- Education: Biology, Bryn Mawr College, 1960 PhD, Microbiology, University of Pennsylvania, 1965
- Alma mater: Bryn Mawr College (BA) University of Pennsylvania (Ph.D)
- Known for: Research of herpes simplex virus and poxvirus and how they enter susceptible cells
- Awards: American Academy of Microbiologists American Association for the Advancement of Science Member of Editorial Board for Journal of Virology
- Scientific career
- Fields: Microbiology, virology
- Workplaces: University of Pennsylvania

= Roselyn J. Eisenberg =

Roselyn J. Eisenberg is a professor at The University of Pennsylvania and a member of the University's School of Veterinary Medicine and School of Dental Medicine. The majority of Eisenberg's research is focused on the herpes simplex virus and the poxvirus and how they enter into susceptible cells. She also studies glycoproteins, vaccines, virology and microbiology.

==Education==
Eisenberg graduated from Bryn Mawr College in 1960 with her applied baccalaureate degree in biology. She went on to obtain her PhD in microbiology at the University of Pennsylvania, where she now works. Dr. Eisenberg did her post-doctoral fellowship at Princeton University from 1965 to 1968. She works closely beside Dr. Gary H. Cohen, who is a professor and the chair of the Department of Microbiology at Penn Dental Medicine.

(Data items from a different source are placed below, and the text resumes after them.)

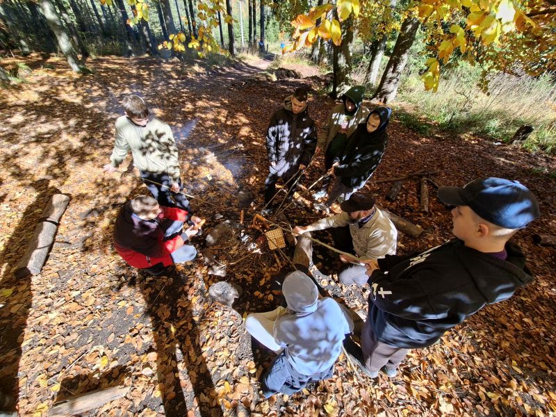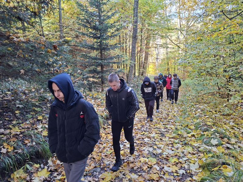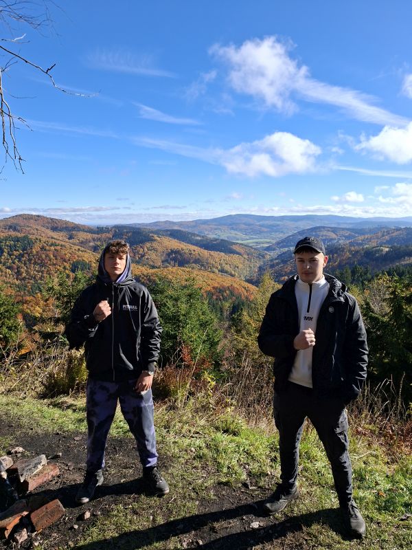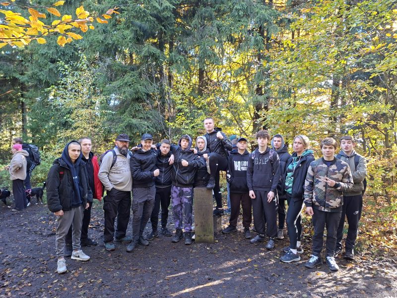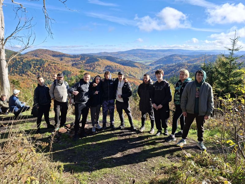W dniu 19 października 2025 roku wraz z wychowankami z I i III grupy wychowawczej naszego Ośrodka odbyliśmy wycieczkę w rejon Gór Suchych, Kruczych i Kamiennych. Wędrówkę rozpoczęliśmy przejazdem do Rybnicy Leśnej w rejon Schroniska Andrzejówka. Tam, zaraz po wyjściu z autobusu naszą wędrówkę. Wraz z nami wędrowało wielu turystów- pogoda była cudowna, pomimo tego że rano jak przyjechaliśmy w to miejsce to na trawie był jeszcze szron. Wszyscy wychowankowie zachwyceni byli panującymi warunkami atmosferycznymi- było bardzo ciepło i świeciło przepiękne słońce. Podczas wędrówki wszyscy wychowankowie włożyli wiele wysiłku w pokonanie własnych słabości i pewnego rodzaju niechęci do wędrówki. Odwiedziliśmy wiele punktów widokowych. Jakież tam były widoki. Pamiątkowe zdjęcia, niesamowite opowieści o Hochbergach, ich potędze i turystyce, która w ich czasach i za ich przyzwoleniem w tym rejonie zaczęła się intensywnie rozwijać. Jeszcze ognisko i posiłek na Rozdrożu pod Szpiczakiem. I niestety, pomimo przepięknych warunków atmosferycznych, powoli trzeba było wyruszyć w drogę powrotną, a szkoda. Po drodze rozmawialiśmy na temat dzisiejszej wycieczki i planów na kolejne wyjścia.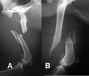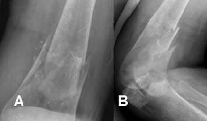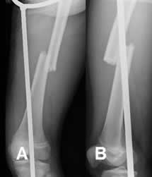 A: y B: Rx lateral. Fracturas conminutas, rotadas y diastasadas en las diáfisis femorales.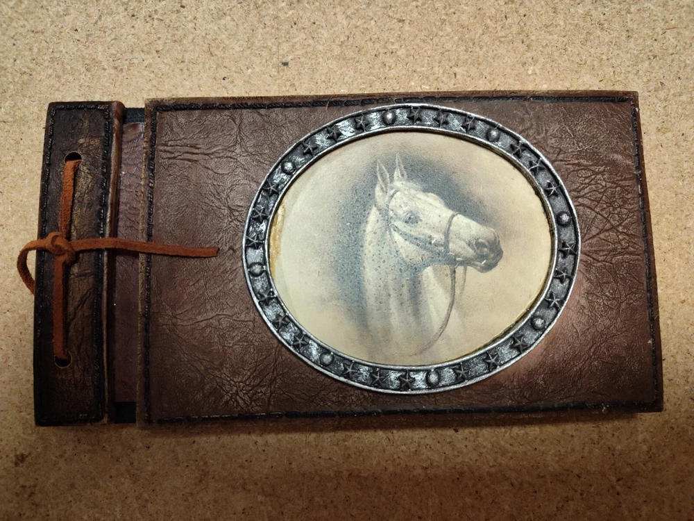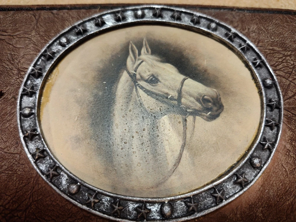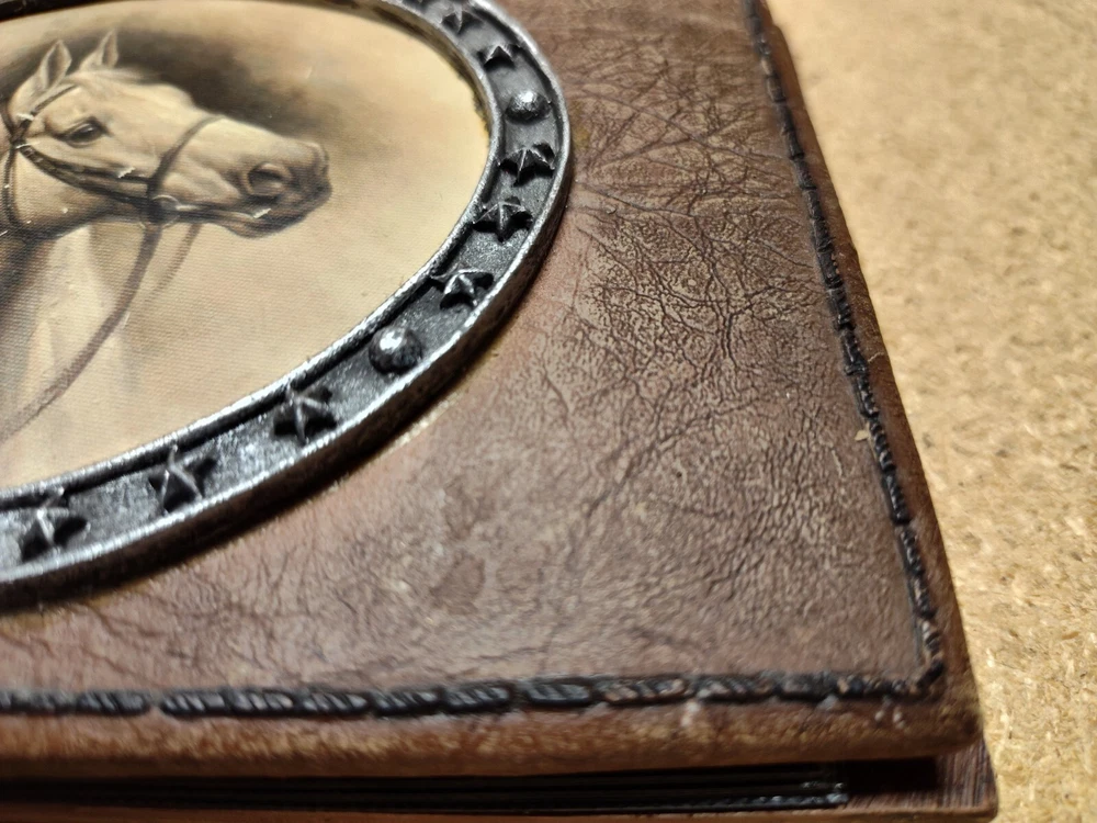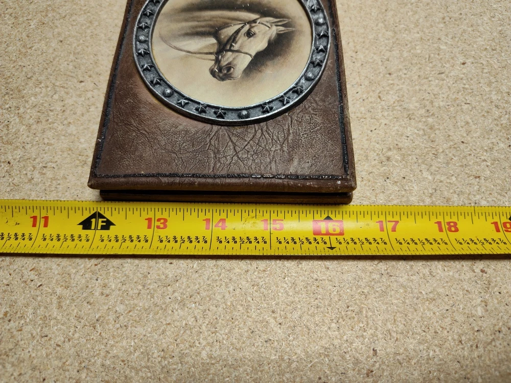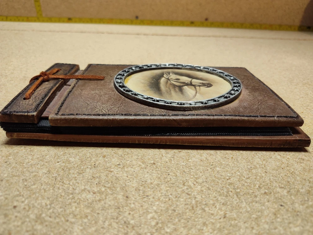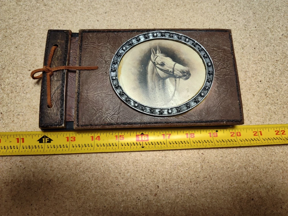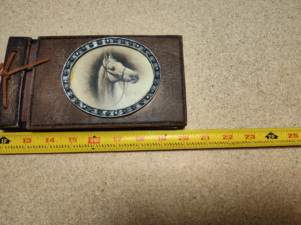Vintage Style Ceramic Horse Themed Picture Album, Fits 4"x6" Pictures, 12 double sided slots. The covers are thick and heavy. Measures: 8" x 4.25" The album is in excellent condition. See pictures.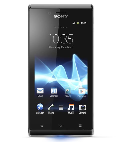Finally, the Xperia J has a 4 inch screen, with FWVGA resolution and Gorilla Glass protection. This model has a single core 1 GHz Scorpion CPU, 512 MB of RAM and Android 4.0 ICS, so it fits in the lower price range area. It has 4 GB of storage and a microSD card slot. The camera at the back is a 5MP unit and the Xperia J is actually pretty thin for an entry level unit: 9.2mm to be more precise. It’s still a bit heavy, at 130 grams. It packs in a 1750 mAh battery, apparently. Picture of the Xperia J: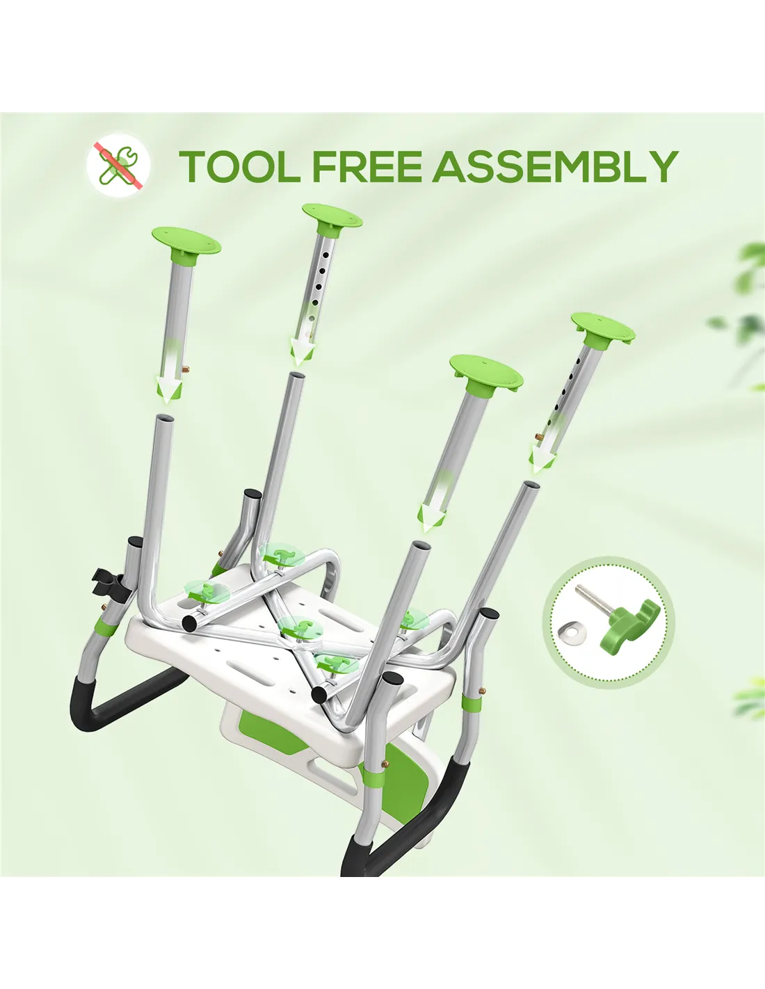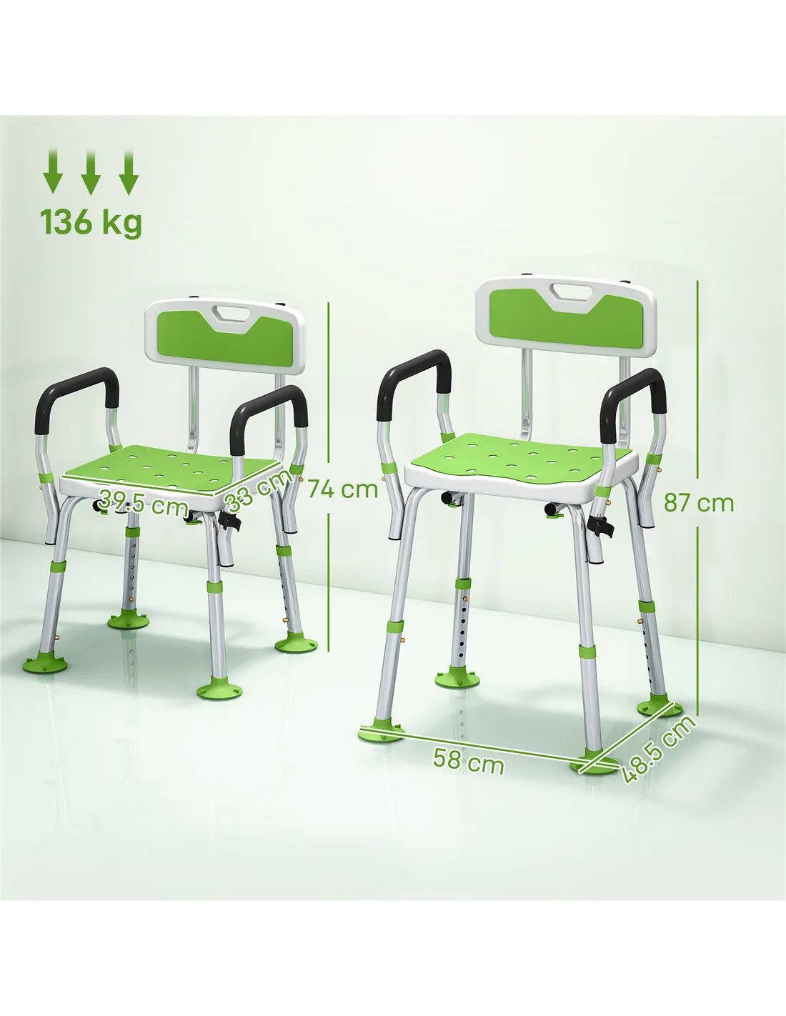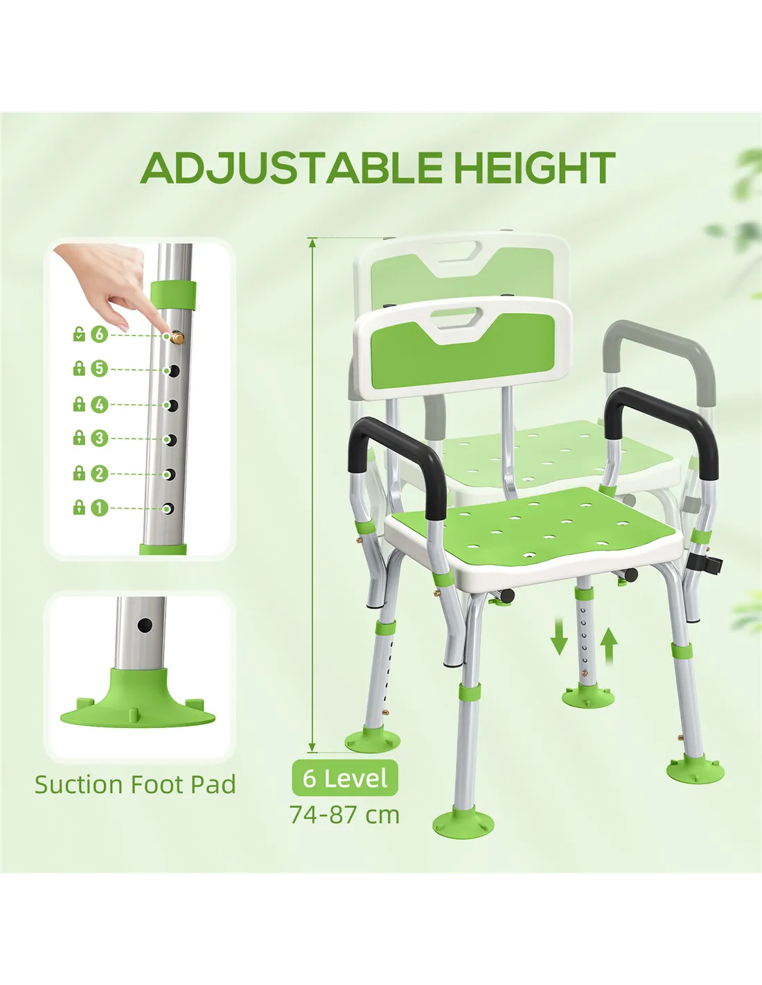 HOMCOM EVA Padded Shower Chair for the Elderly and Disabled, Height Adjustable Shower Stool with Back and Arms, 4 Suction Foot Pads, Green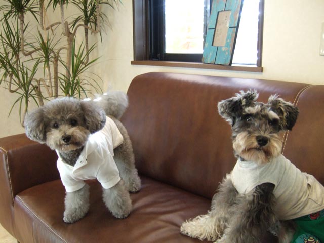 cuccia(クッチャ)に秋物の洋服を買いに行きました。可愛いのがいっぱいあったヨ!! 今日ボクが着てるのも買ってもらったんだ…似合うでしょ☆ Luke(ルーク)と一緒に写真を撮ってもらいました。Lukeとお友達になれそ〜!! また遊びに行くね。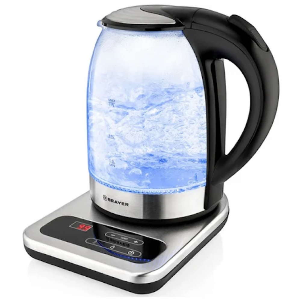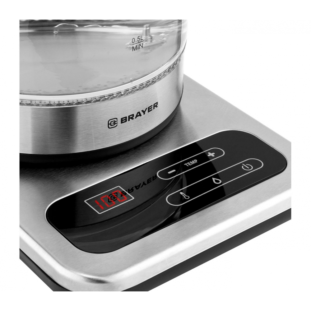 Благодаря наличию терморегулятора прибор Brayer BR1003 способен поддерживать температуру в шести режимах в течение двух часов. Комфортной эксплуатации способствует наличие шкалы уровня воды, приятной голубой подсветки и ярких индикаторов. При закипании или достижении заданной температуры срабатывает звуковое оповещение. Также имеется защита от случайного включения без воды.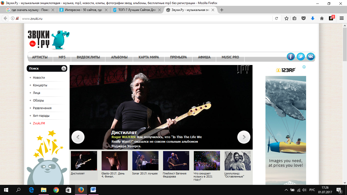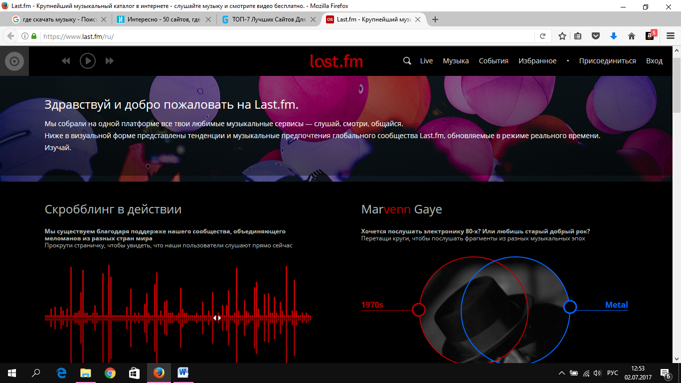 Звуки.ру не просто сайт с отличной фонотекой – это многофункциональный портал, где можно найти статьи о музыке, узнать, что слушают знаменитости и даже приобрести билеты на предстоящие концерты, не покидая сайт. Помимо этого, на сайте размещена потрясающая аудиотека, которая доступна как для онлайн прослушивания, так и для скачивания.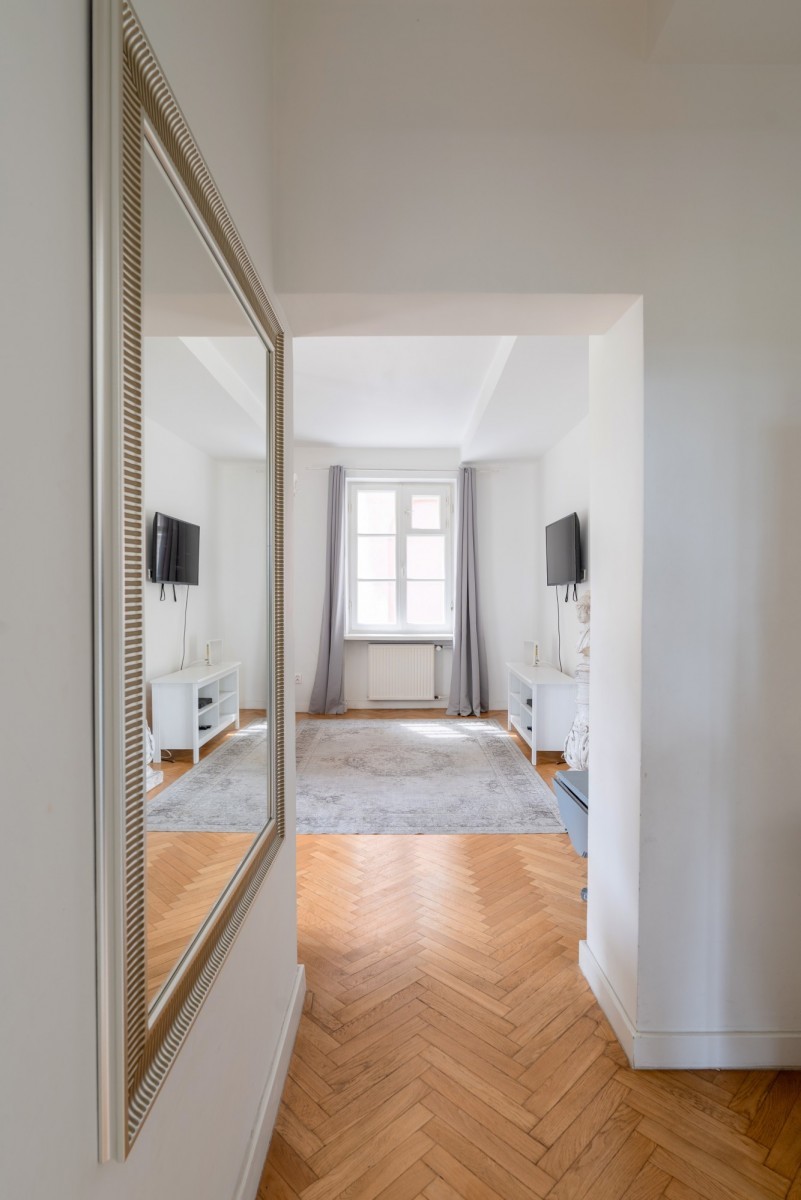 Mieszkanie idealne dla singla bez dzieci lub pary, która ceni bliskość tętniącego życiem miasta, jednak rozkład pomieszczeń pozwala na przystosowanie lokalu do prowadzenia firmy (np. kancelarii notarialnej, podatkowej itp).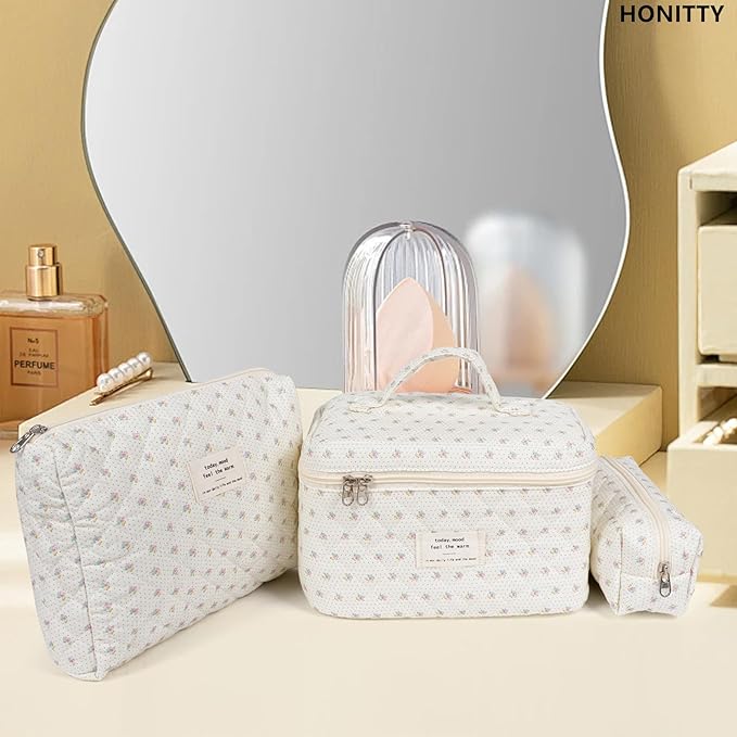 • 【VARIOUS SCENARIOS】The cotton quilted makeup bag Store your skincare products, toiletries, makeup brushes, electronics or office and school supplies. Perfect as a gift for your friends, family. It is a good choice for daily life and travelling storage.

==Research contributions==
Eisenberg studies how molecular events mediate a virus' entry into a cell. Her research is focused mainly on the herpes simplex virus (herpesviridea) and the poxvirus.

===Herpesvirus===
She is primarily interested in studying herpesviridae, which consists of enveloped DNA viruses that recruit orthologs, or genes that retain the same function, of three glycoproteins. These glycoproteins gB, gH, and gL play important roles in how a virus enters a cell and how it spreads when inside of a cell. Eisenberg is interested in the fact that glycoproteins gH, gL and gB are very protected in all herpesviruses, especially in the large number of animal herpesviruses, which can cause disease in small, farm, and zoo animals.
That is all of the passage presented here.